C'est autour d'un banc d'une petite place de village que Miralès, théâtreux dans l'âme, déclame ses pensées : brutes, directes, instinctives. Il aime s'écouter parler et débite des inepties parcourues de quelques fulgurances, le paradoxe du beauf de campagne qui aime la littérature. La plupart du temps, il s'amuse à taquiner son acolyte Dog, sorte de faire-valoir de poche qui, à première vue, est son strict opposé. Taiseux, timide, manquant de confiance en lui, et sans réelle vision sur le monde. L'inverse d'un Miralès qui lui déborde d'opinions, de confiance, aboyant encore plus fort que son chien Malabar.

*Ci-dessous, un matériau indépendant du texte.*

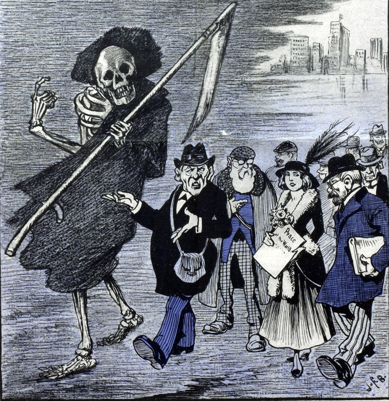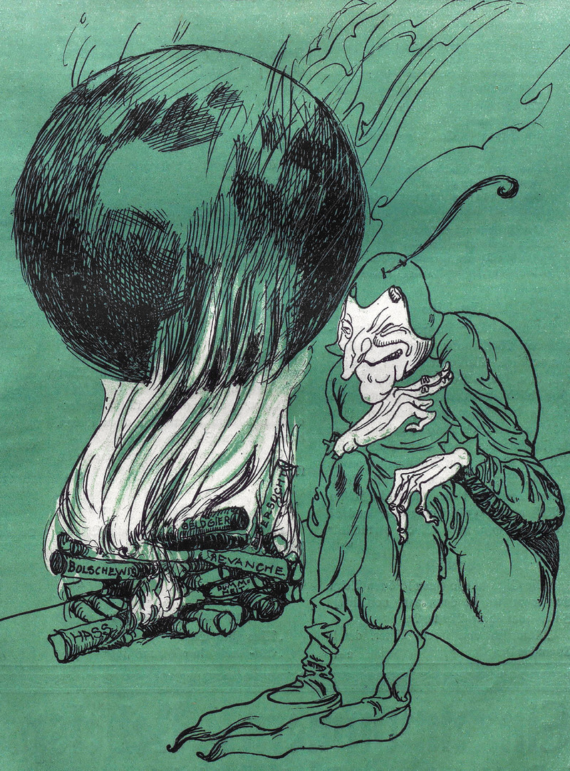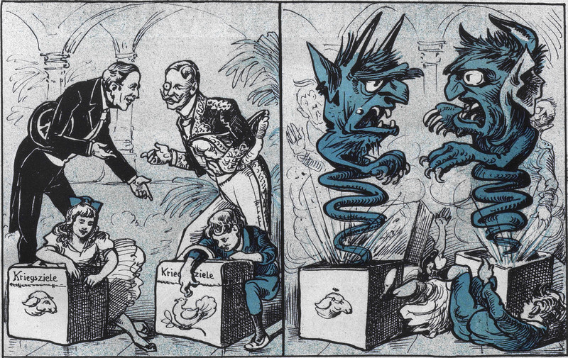 The Easter Bunny delivers the eggs of distress, disease, hunger, rising costs, war, and death. From Nebelspalter, 1916.
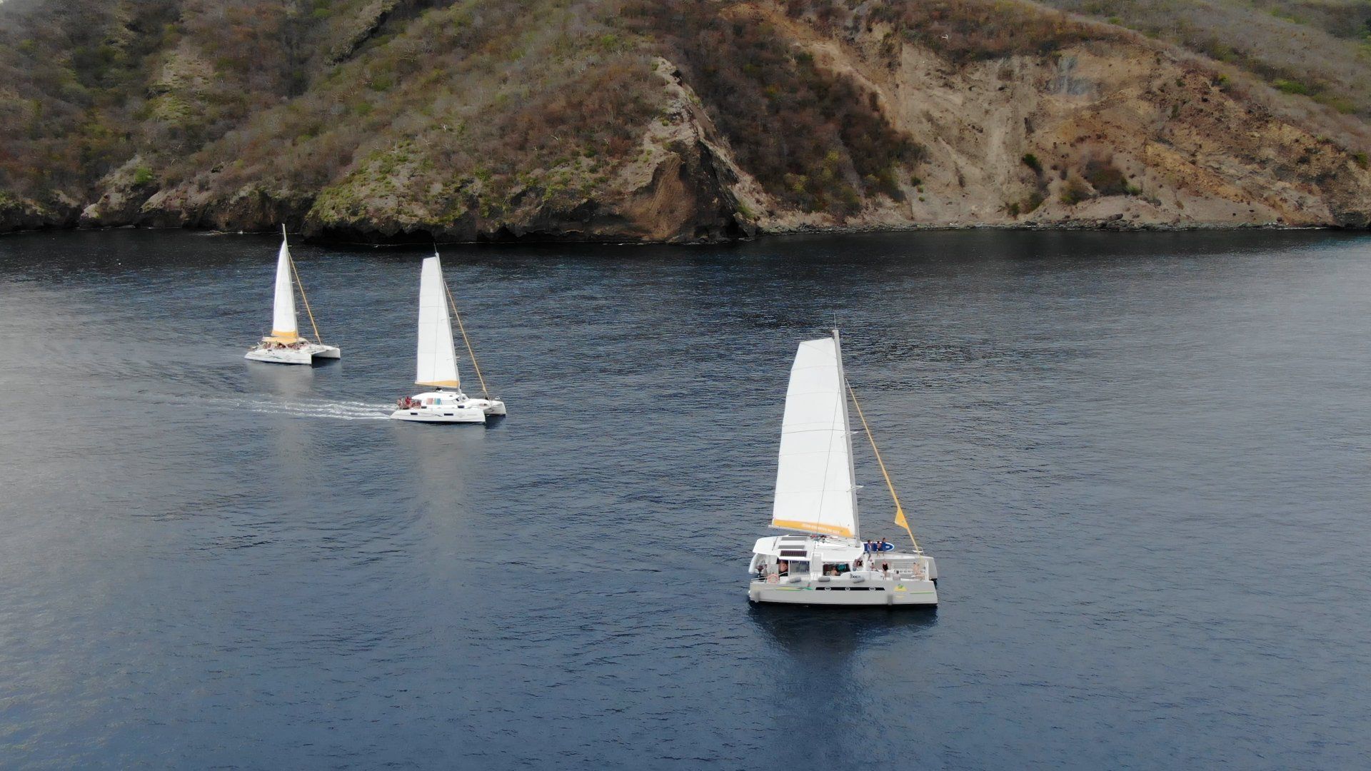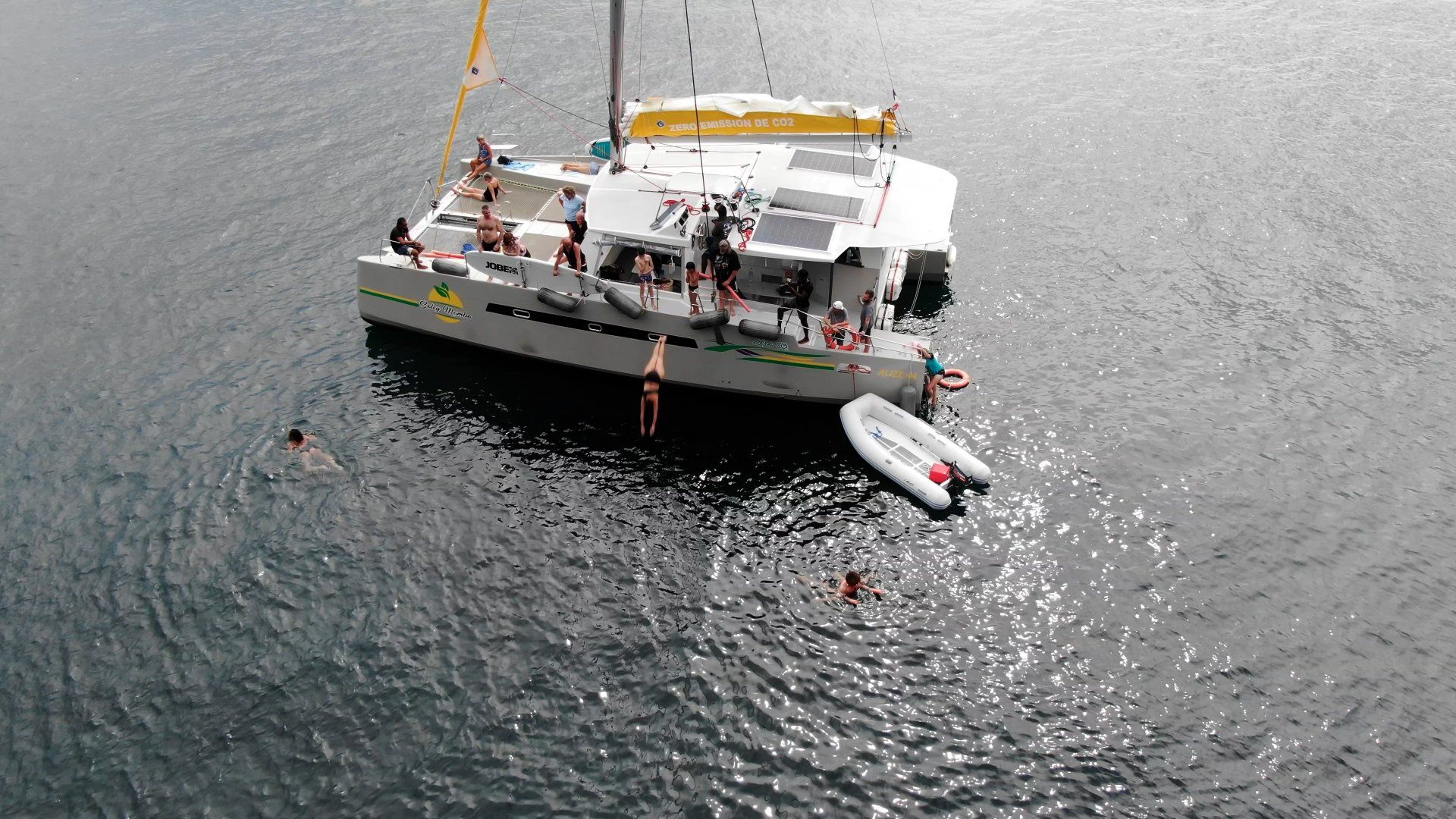 Tous nos catamarans offrent le même niveau de confort et de sécurité. Nos excursions se font de manière aléatoire sur l'un ou l'autre de nos catamarans.

En fin de compte, dans ses deux personnages inséparables qui vont se faire une guerre d'amour tout au long du film, on a deux déclinaisons du même paumé : le futur trentenaire désabusé, engoncé dans son milieu, bon qu'à tirer des taffes sur un joint, boire du whisky, draguer des filles pas belles dans une boîte minable, et attendre son RSA en jouant à FIFA. C'est sévère, et la réalité est parfois plus douce et rassurante, mais leur quotidien manque cruellement d'espoirs et d'optimisme. Pour compenser, on passe des moments simples avec les voisins, on gratte un ticket d'Astro, on écoute un morceau de piano et on essaie d'oublier, le temps d'un instant, la fatalité de cette existence vide. C'est là tout le drame de Miralès, à l'origine de ses frustrations : il voudrait plus, plus grand, ailleurs, mais il se sait pris au piège.
C'est pour ça qu'il verra d'un mauvais oeil la petite nouvelle, rennaise de passage, étudiante en Master de Lettres, qui va ravir le cœur de son pote Dog avec ses jolies mèches blondes et son regard doux-braiseux. D'ailleurs, si on comprend évidemment pourquoi Dog tombe "dans le piège", difficile de l'imaginer elle tomber sous le charme d'un gars qui ne parle pas, baisse la tête, et passe ses journées à rien faire. En tout cas, pour Miralès, ça ne passe pas, et il va bien le faire comprendre. C'est le sujet du film. Ça, et une embrouille avec des gitans pour ajouter un peu de tension dramatique. La fibre poétique c'est ce passé sombre et cette impossibilité du futur, qui figent Miralès dans un présent qu'on voudrait autre, qu'on fantasme différent, mais qui nous ramène toujours les pieds sur terre.
Forcément, ça donne un petit film, tout simple, réaliste. Mais c'est pas une mauvaise chose. Et j'aurais tendance à dire que, par l'écriture de ses personnages et de ses dialogues, Chien de la casse est même un grand "petit film". Si le cinéma français sait faire du film social, c'est rare qu'il soit aussi bien écrit, qu'il brille autant, les derniers que j'ai en tête remontent au début des années 2010 avec Mike de Lars Blumers et le cinéma de Guillaume Brac. Pour moi, c'est un film qui fera date, qui me restera en tête et qui, peut-être dans 10 ou 15 ans, servira de repère pour capter l'essence d'une époque, d'une période, d'une jeunesse. Rien que ça. Pour un petit film tout simple, devenir un témoin générationnel, ce serait un sacré tour de force.